Breast cancer cells display highly disorganized morphology (shape and structure). To conduct the study, the authors used a three-dimensional culture technique to create a realistic tumor model. In the culture, noncancerous breast cells were induced to form spheroids similar to the cellular structures found in the human breast. Cells carrying mutant p53 grew in the misshapen, disorganized manner typical of breast cancer. Reducing levels of mutant p53 was found to be sufficient to return these breast cancer cells to a more normal morphology.

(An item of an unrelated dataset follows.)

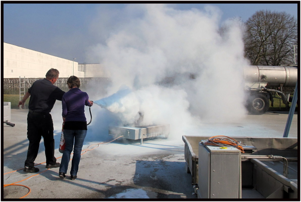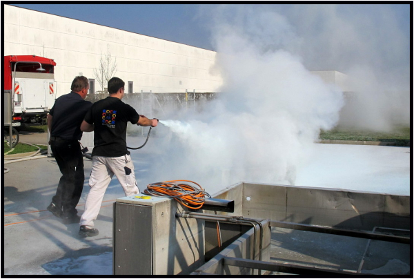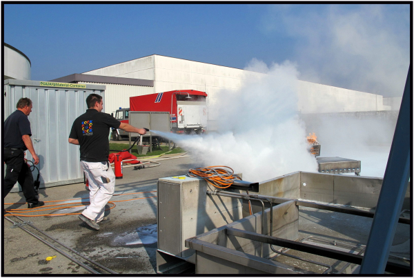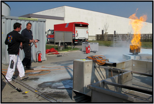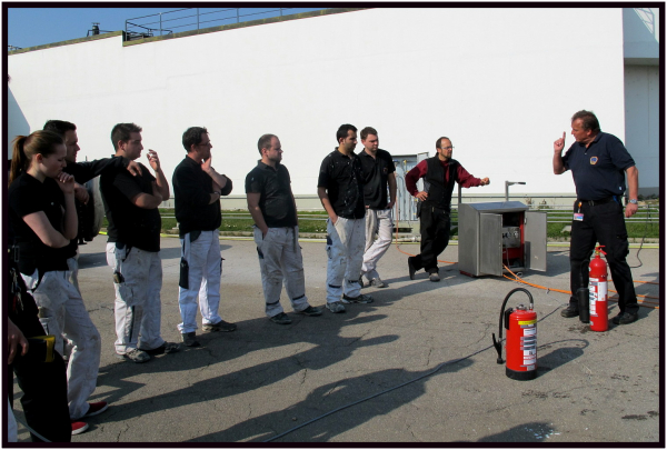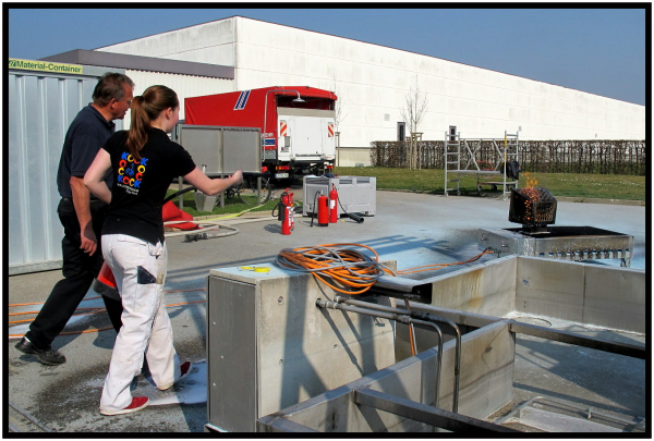 Die Werkfeuerwehr der DSM Nutritional Products GmbH aus Grenzach-Wyhlen bietet Unternehmen an, unter Aufsicht und in sicherem Rahmen, den Umgang mit dem Feuerlöscher zu erproben.

Further analysis demonstrated that the mevalonate pathway, a cholesterol-building pathway, was significantly upregulated by mutant p53. This pathway was shown to be both necessary and sufficient for the effects of mutant p53 on breast tissue architecture. Statin drugs lower cholesterol by inhibiting a step in the same pathway. When cells with mutant p53 were treated with statins, their disorganized, invasive growth was halted and some died. The authors conclude that the study findings imply that the mevalonate pathway may be a promising therapeutic target for tumors bearing mutations in p53. In a separate interview, study author Carol Prives of Columbia University said, "The data raises the possibility that we might identify subsets of patients whose tumors may respond to statins."

The bottom line

The fact that tumor suppressor p53 is not mutated in many breast cancers might explain why statin use influences breast cancer risk and survival inconsistently. Also, the observation that p53 mutations are rare in early-stage ER+ breast cancer could explain the finding that Lipitor appears to improve the outcome of stage III and stage IV breast cancer, but not stage I or stage II. Clearly, it is not currently possible to determine which breast cancer survivors could benefit from statin use. However, for those who need to take statins, lipophilic statins such as Zocor and Lipitor appear to be the best choice.